Task →
Everything below from the line with "Continuity mistake: When" through the line with "Esta impresionante casa" must be retyped exactly, except the pictures.

Study material →
[Start of Attachment]

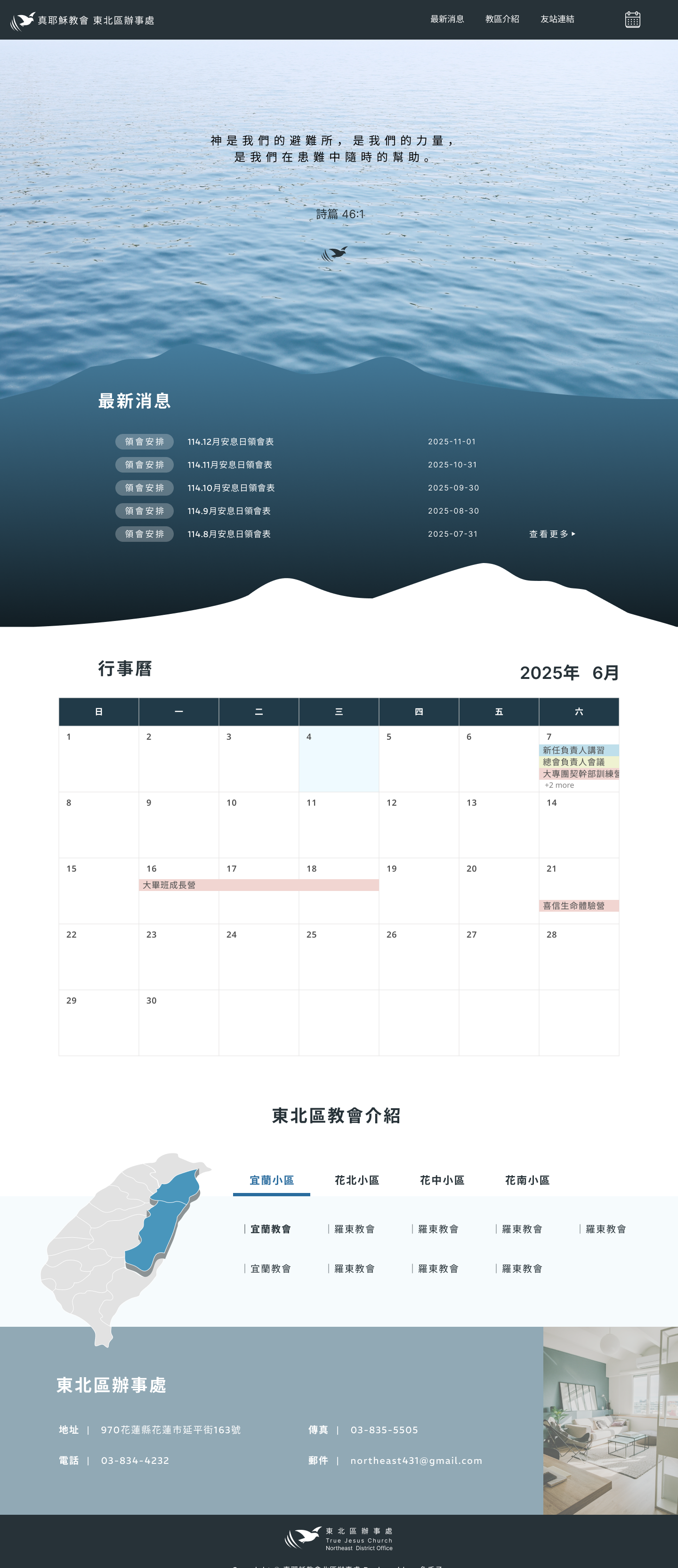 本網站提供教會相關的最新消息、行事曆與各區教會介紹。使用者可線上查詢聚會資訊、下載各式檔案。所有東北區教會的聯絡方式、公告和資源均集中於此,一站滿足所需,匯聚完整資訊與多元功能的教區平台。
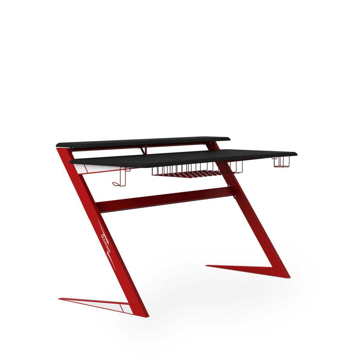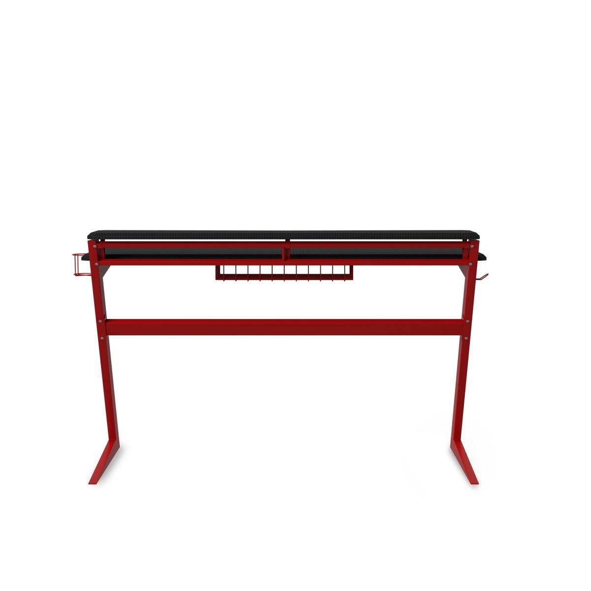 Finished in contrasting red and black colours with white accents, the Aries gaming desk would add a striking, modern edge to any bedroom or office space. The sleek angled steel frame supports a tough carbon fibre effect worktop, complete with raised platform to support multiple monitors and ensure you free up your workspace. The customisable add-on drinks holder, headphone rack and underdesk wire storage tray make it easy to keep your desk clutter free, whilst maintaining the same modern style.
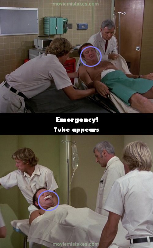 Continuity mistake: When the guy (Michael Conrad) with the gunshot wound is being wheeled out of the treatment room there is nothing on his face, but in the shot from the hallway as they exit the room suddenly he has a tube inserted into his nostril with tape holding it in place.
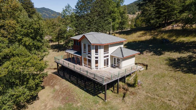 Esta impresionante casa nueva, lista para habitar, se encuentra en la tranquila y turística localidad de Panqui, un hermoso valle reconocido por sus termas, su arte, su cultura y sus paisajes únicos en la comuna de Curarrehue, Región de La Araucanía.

[End of Attachment]
[Start of Attachment]

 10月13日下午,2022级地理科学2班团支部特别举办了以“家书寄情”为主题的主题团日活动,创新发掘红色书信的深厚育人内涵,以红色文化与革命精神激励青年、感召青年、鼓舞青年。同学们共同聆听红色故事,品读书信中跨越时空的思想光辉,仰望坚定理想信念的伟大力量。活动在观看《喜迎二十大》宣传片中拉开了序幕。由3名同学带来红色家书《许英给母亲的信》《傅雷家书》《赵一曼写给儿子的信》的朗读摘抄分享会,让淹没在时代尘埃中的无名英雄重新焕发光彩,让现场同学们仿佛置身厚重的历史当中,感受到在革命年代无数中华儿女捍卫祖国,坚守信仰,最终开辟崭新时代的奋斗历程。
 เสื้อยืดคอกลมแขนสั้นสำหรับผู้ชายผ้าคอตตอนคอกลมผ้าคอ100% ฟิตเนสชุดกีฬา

[End of Attachment]
[Start of Attachment]

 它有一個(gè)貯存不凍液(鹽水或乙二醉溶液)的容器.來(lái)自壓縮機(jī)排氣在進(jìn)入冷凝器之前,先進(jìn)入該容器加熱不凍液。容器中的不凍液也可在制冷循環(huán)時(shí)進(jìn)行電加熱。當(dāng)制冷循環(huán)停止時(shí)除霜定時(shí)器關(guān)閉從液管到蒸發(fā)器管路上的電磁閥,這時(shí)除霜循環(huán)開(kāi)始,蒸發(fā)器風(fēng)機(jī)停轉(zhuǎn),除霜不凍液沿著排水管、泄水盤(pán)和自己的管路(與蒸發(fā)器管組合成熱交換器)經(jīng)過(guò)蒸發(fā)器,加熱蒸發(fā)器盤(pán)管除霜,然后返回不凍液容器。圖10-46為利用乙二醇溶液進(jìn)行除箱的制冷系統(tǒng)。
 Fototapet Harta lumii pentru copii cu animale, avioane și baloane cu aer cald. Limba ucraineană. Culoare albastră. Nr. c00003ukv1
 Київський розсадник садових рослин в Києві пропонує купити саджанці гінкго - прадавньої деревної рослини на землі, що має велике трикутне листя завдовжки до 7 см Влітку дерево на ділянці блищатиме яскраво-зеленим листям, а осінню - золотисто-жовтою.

[End of Attachment]

Task response →
 Continuity mistake: When the guy (Michael Conrad) with the gunshot wound is being wheeled out of the treatment room there is nothing on his face, but in the shot from the hallway as they exit the room suddenly he has a tube inserted into his nostril with tape holding it in place.
 Esta impresionante casa nueva, lista para habitar, se encuentra en la tranquila y turística localidad de Panqui, un hermoso valle reconocido por sus termas, su arte, su cultura y sus paisajes únicos en la comuna de Curarrehue, Región de La Araucanía.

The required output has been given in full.